==== Materials provided ====

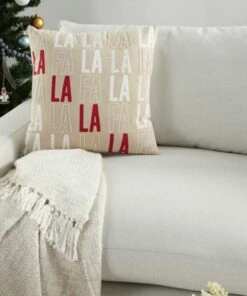 - Modern holiday throw pillow with the phrase “Fa La La” embroidered in white, beige, and red is a chic and festive topper to your seating area
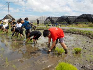 HOME > 子どもたちの活動の様子 > 日々の学校の様子 > 田植え(5年生) 田植え(5年生) 入力日2023年6月29日 閲覧数820 6月27日(火)天気に恵まれ、5年生が田植えを行いました。 苗は自分たちで育てました。その見事な成長ぶりに、地域の方からお褒めの言葉をいただきました。 初めて経験する子供たちが多く、水田に足を入れると「ぬるぬる!」「気持ちいい!」などの元気な声が聞こえてきました。開始直後は、恐る恐るという感じでしたが、徐々に楽しみながら活動することができました。 子供達は、おいしいお米ができることを願いながら田植えをしたことと思います。 前へ 一覧へ戻る 次へ
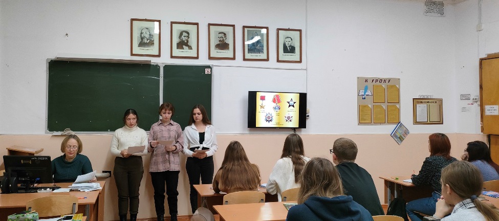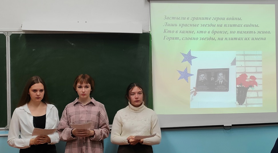![]() День Героев Отечества День Героев Отечества - это памятная дата, которая отмечается ежегодно 9 декабря с 2007 года. Она установлена Федеральным законом Российской Федерации «О днях воинской славы и памятных датах России». Свою историю эта памятная дата ведёт ещё с 18 века. Эта памятная дата приурочена к выдающемуся событию эпохи правления императрицы Екатерины II. В 1769 году она учредила орден Святого Георгия Победоносца. В этот день чествуют Героев Советского Союза, Российской Федерации, кавалеров ордена Святого Георгия Победоносца и обладателей трех степеней ордена Славы. В этот день россияне не только отдают дань памяти совершившим подвиги предкам, но и чтят ныне живущих героев нашей Родины. Для студентов 1-2 курсов информационные часы «День Героев Отечества» провели Булгакова Н.А. и студенты клуба «Наследие» Зейналова Карина, Гончаренко Валентина и Масликова Ангелина. В ходе мероприятий студенты познакомились с историей возникновения этой памятной даты и подвигами наших выпускников Героев Советского Союза: Зинченко Ивана Михайловича, Приходько Геннадия Андреевича и полного кавалера ордена Славы Иванова Ивана Фёдоровича. Мы помним, чтим и гордимся нашими выпускниками. Студенты минутой молчания почтили память всех солдат, защищавших наше Отечество. Автор: Булгакова Н.А. Фото автора
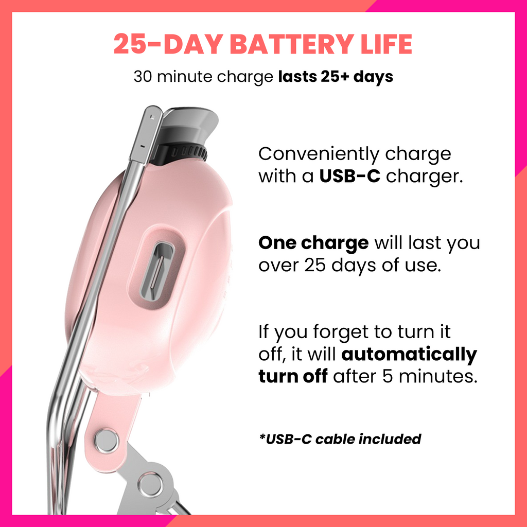 Compact and rechargeable via USB-C, the SleekCurl offers a quick-charge feature that lasts up to 25 days per charge, making it a must-have for beauty lovers on the go.
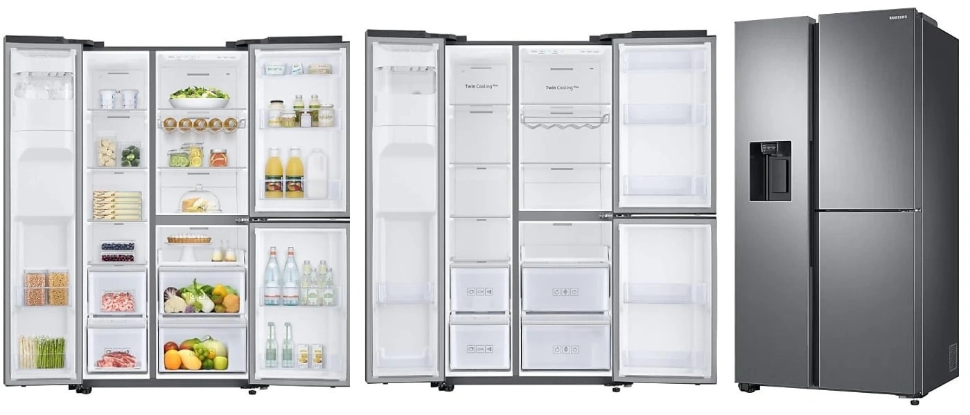 یکی از جزئیات مهم در هر کالایی ظاهر و طراحی آن بوده زیرا کاربران با توجه به طراحی محصول مورد نظرشان را انتخاب و یا خریداری می نمایند زیرا طراحی شیک در همه جا و در دکوراسیونی تاثیر زیادی دارد. این مدل یخچال ساید بای ساید به رنگ نقره بوده و رنگی مینیمالیستی بوده که با هر دکوراسیونی هم خوانی دارد. دارای 3 درب می باشد که بخش فریزر در قسمت چپ و دارای یک درب می باشد، قسمت راست آن بخش یخچال می باشد که دارای دو درب بوده، بر روی درب فریزر یخساز و آبریز اعمال شده. طراحی داخلی بسیار جادار بوده به طوری که به راحتی می توانید تمام مواد غذایی را در آن قرار دهید.
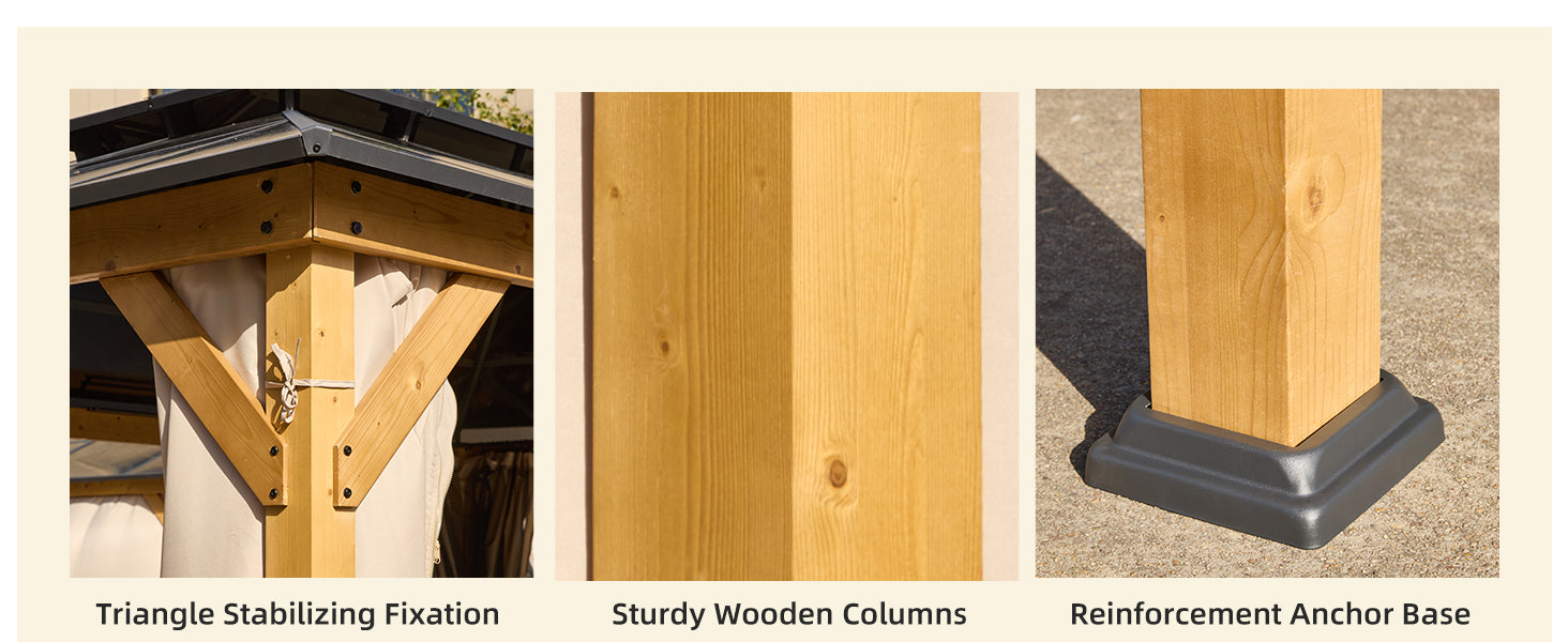- 【Sturdiness & Comfort】This patio gazebo is a polycarbonate roof gazebo, which can block sunlight rain, and snow very well. The wooden columns and reinforced base as well as the triangular reinforcing poles of the columns will make the gazebo more stable and not easy to shake, and you won't have to worry about damage for a long time to come. Meanwhile, the double roof gazebo also ensures good ventilation and the spacious 12' x 16' space can also accommodate 6-8 people comfortably in the gazebo at the same time.
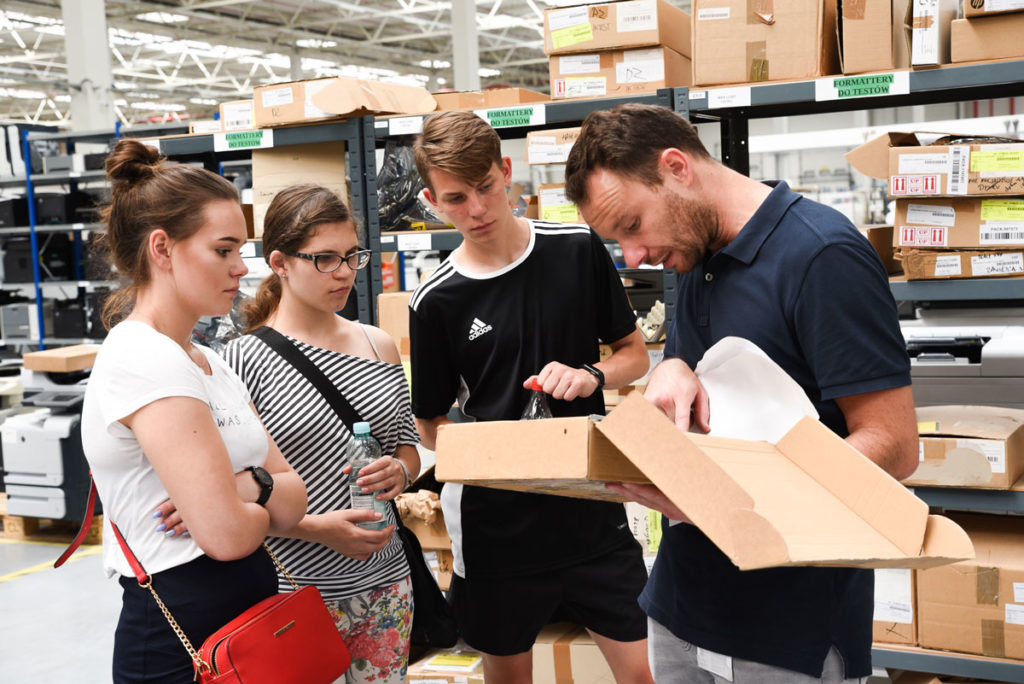 Podczas wizyty nasi młodzi goście przyglądali się pracy w poszczególnych działach, zwiedzili biura i magazyn. Hala magazynowa zrobiła wrażenie zwłaszcza na Danielu, który interesuje się logistyką niezbędną w tego typu obiektach.
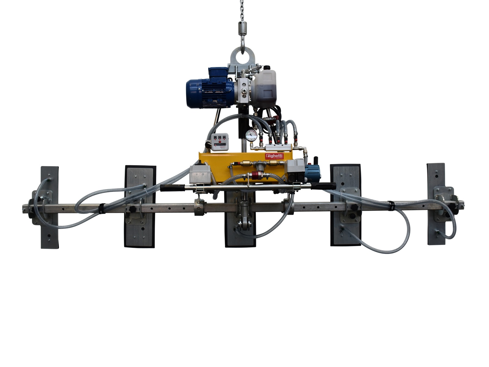 Maskinen er utstyrt med 5 rektangulære sugekopper (580×180 mm) montert på en 2200 mm lang løftebjelke. Hver sugekopp kan roteres 90°, noe som gir fleksibilitet ved plassering og håndtering. Vakuumsystemet inkluderer vakuumtank, tilbakeslagsventil og et effektivt støv- og kondensfilter som beskytter systemet og gir rask oppsuging.

====

How to complete this task | A verbatim copy of the records is expected, from their first line through the line with "Compact and rechargeable", inclusive, with the pictures removed.

Task answer |
 - Modern holiday throw pillow with the phrase “Fa La La” embroidered in white, beige, and red is a chic and festive topper to your seating area
 HOME > 子どもたちの活動の様子 > 日々の学校の様子 > 田植え(5年生) 田植え(5年生) 入力日2023年6月29日 閲覧数820 6月27日(火)天気に恵まれ、5年生が田植えを行いました。 苗は自分たちで育てました。その見事な成長ぶりに、地域の方からお褒めの言葉をいただきました。 初めて経験する子供たちが多く、水田に足を入れると「ぬるぬる!」「気持ちいい!」などの元気な声が聞こえてきました。開始直後は、恐る恐るという感じでしたが、徐々に楽しみながら活動することができました。 子供達は、おいしいお米ができることを願いながら田植えをしたことと思います。 前へ 一覧へ戻る 次へ
![]() День Героев Отечества День Героев Отечества - это памятная дата, которая отмечается ежегодно 9 декабря с 2007 года. Она установлена Федеральным законом Российской Федерации «О днях воинской славы и памятных датах России». Свою историю эта памятная дата ведёт ещё с 18 века. Эта памятная дата приурочена к выдающемуся событию эпохи правления императрицы Екатерины II. В 1769 году она учредила орден Святого Георгия Победоносца. В этот день чествуют Героев Советского Союза, Российской Федерации, кавалеров ордена Святого Георгия Победоносца и обладателей трех степеней ордена Славы. В этот день россияне не только отдают дань памяти совершившим подвиги предкам, но и чтят ныне живущих героев нашей Родины. Для студентов 1-2 курсов информационные часы «День Героев Отечества» провели Булгакова Н.А. и студенты клуба «Наследие» Зейналова Карина, Гончаренко Валентина и Масликова Ангелина. В ходе мероприятий студенты познакомились с историей возникновения этой памятной даты и подвигами наших выпускников Героев Советского Союза: Зинченко Ивана Михайловича, Приходько Геннадия Андреевича и полного кавалера ордена Славы Иванова Ивана Фёдоровича. Мы помним, чтим и гордимся нашими выпускниками. Студенты минутой молчания почтили память всех солдат, защищавших наше Отечество. Автор: Булгакова Н.А. Фото автора
 Compact and rechargeable via USB-C, the SleekCurl offers a quick-charge feature that lasts up to 25 days per charge, making it a must-have for beauty lovers on the go.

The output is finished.